Just like that she would say it! Harriet always managed to get that will in somehow when she was angry with her. Emily’s cheeks burned hotly with indignation, and she steadied herself with resolution. She would not fall in and she would not
ever
let Harriet know that she had gone wading. That should be a sealed secret between herself and the woods as long as she lived. She was here today to have a happy time, and no Harriet should hinder.
So she went all the way across, slowly, joyously, remembering how Nathan Barrett had walked beside her the first time and held her hand till she was used to balancing alone on the slippery stones. It was as if he walked beside her now in all his young strength, and steadied her timid feet, and there was a light of wonder and delight in her eyes as she lifted them to the billowy clouds in the blue sky over the distant hay fields. Something was growing in her, an idea, vague and unformed, but so great and so breathless that she dared not entertain it till she was safe on dry land. Slowly, cautiously, she crept back again to her bit stone and dried her little white feet with her handkerchief; dried them quickly, surreptitiously, and slid them furtively into the stockings.

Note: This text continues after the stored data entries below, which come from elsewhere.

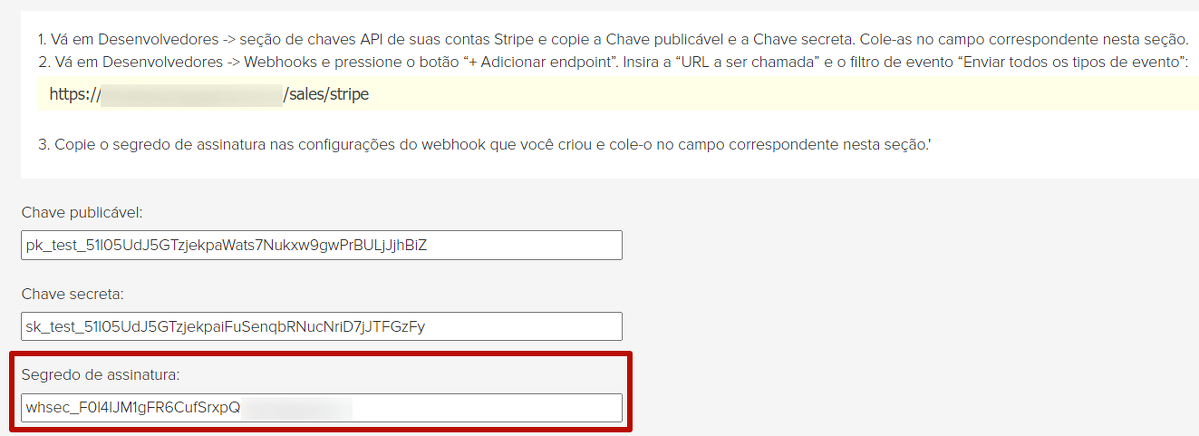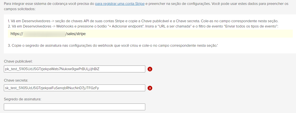 Insira o valor dos campos Publishable key e Secret key nos campos correspondentes da conta GetCourse.
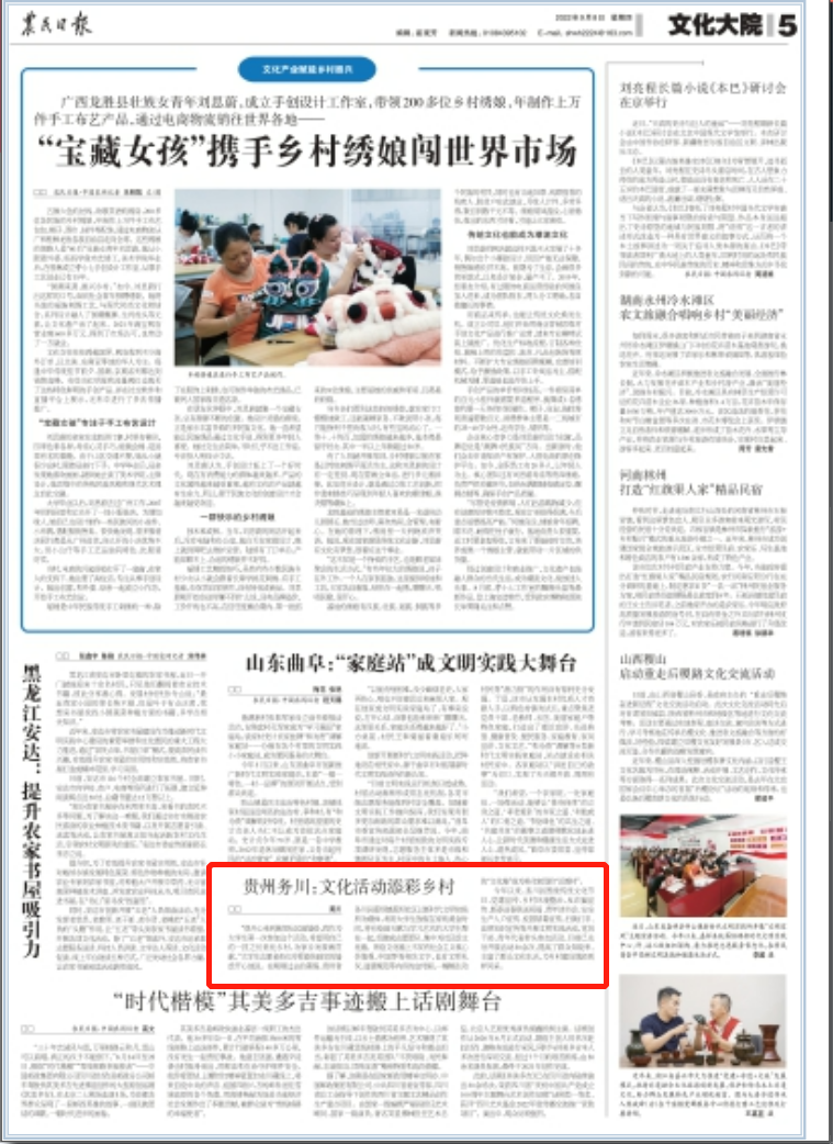 今天(9月8日),《农民日报》刊发新闻《贵州务川:文化活动添彩乡村》。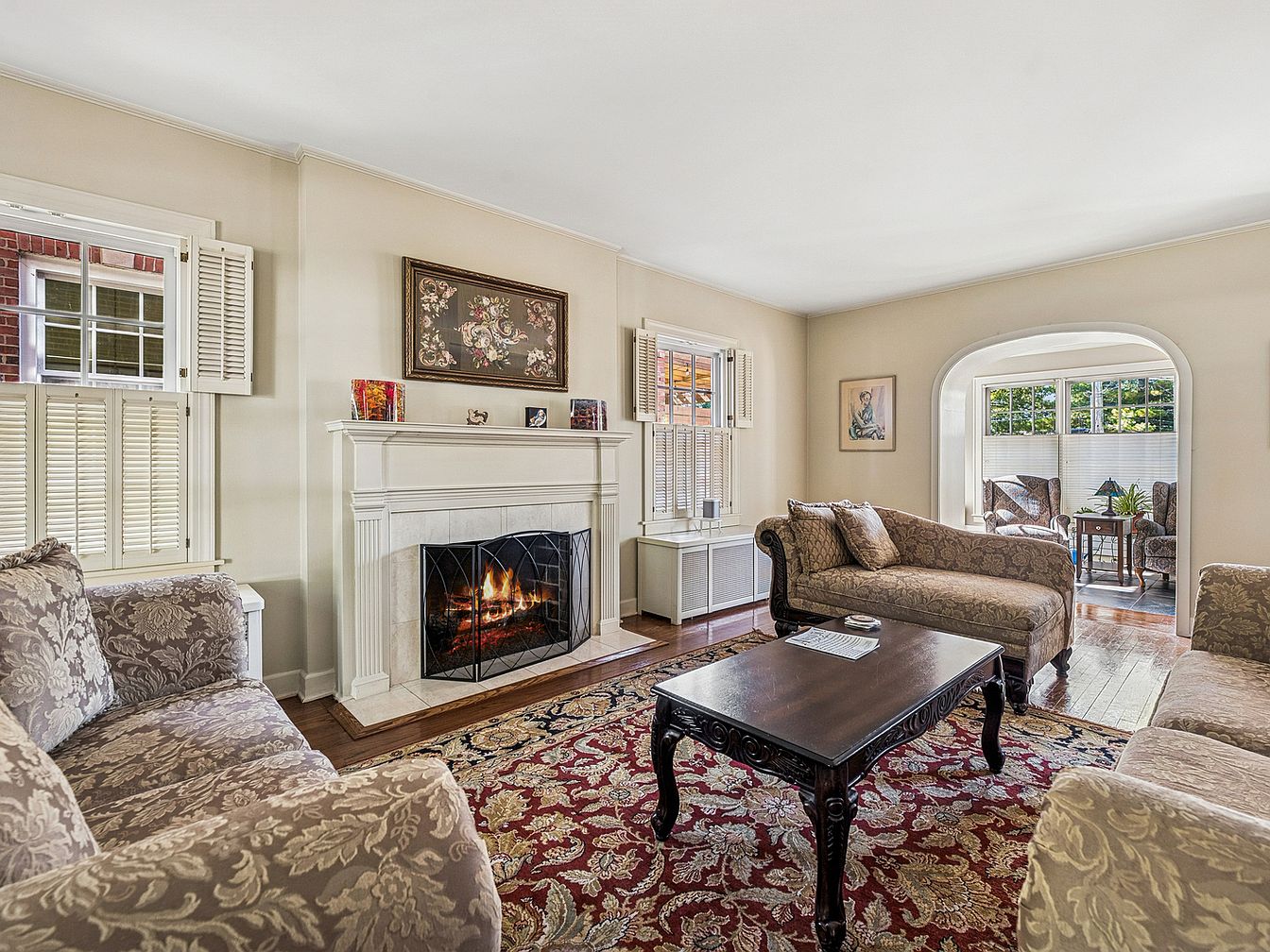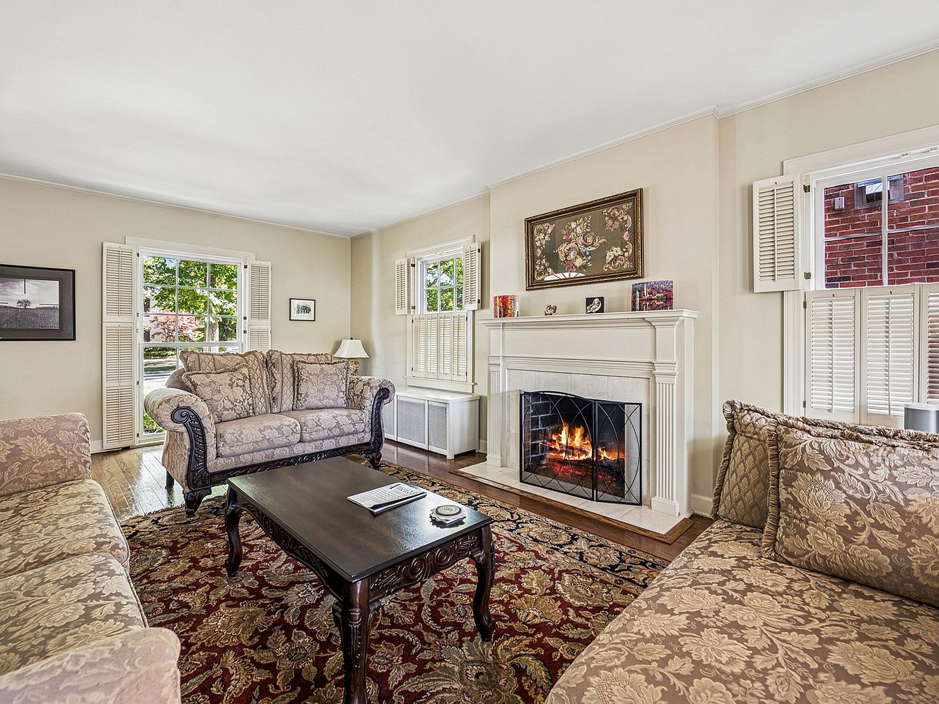 Traditional living room featuring light beige walls and white trim, with large windows fitted with white plantation shutters allowing natural light to brighten the space. An ornate fireplace topped with decorative molding anchors the room, with a floral painting and small personal items above the mantel. Furniture includes matching upholstered sofas with classic carved wood detailing and a dark wood coffee table set atop a richly patterned red and gold area rug. Hardwood floors complement the elegant, vintage vibe, while neutral tones, tasteful artwork, and detailed fabrics create a warm, inviting atmosphere with a touch of historic charm.

It was just as she started to put on one shoe that she heard a step somewhere, across on the other bank, and a rustle and crack of twigs. She stopped short, with her hands at her shoe, her breath held and that rigidness of form that a squirrel takes on a branch when someone approaches. An instant she held her breath and then turned her glance across the stream without even lifting her lashes. There was no sign of anyone. It might have been a heron, perhaps, or a chipmunk, yet it sounded like a step. In panic she hurried on her shoes and laced them with trembling fingers. Some time after, she heard another movement of the tall grass farther away toward the farm. She listened awhile and then stole away up higher into the deep of the woods out of sight on a mossy bank at the roots of great hemlocks that bent and dipped till their lacy branches reached the water and dimpled it now and then with a caress as it passed. Here she sat a long time watching the drifting lights and shadows as they sifted down around her through the lacy branches, lights reflected from the water or coming from the sun above, but soft and flickering and mysterious, like spirit-sunshine in a world of souls. And here, alone amid the green quiet of the woods with the little brook seeping, rippling happily below, a bee humming drowsily in the flowers across the bank, and the distant sound of scythes in the hay field over on the farm, she thought out her idea and made her real plan. Somehow here it seemed as though God was with her giving her courage to see things as they really were, with no silly barriers of her world that had held her in prison so long. She was thinking out a destiny, and she was not afraid to call her soul her own.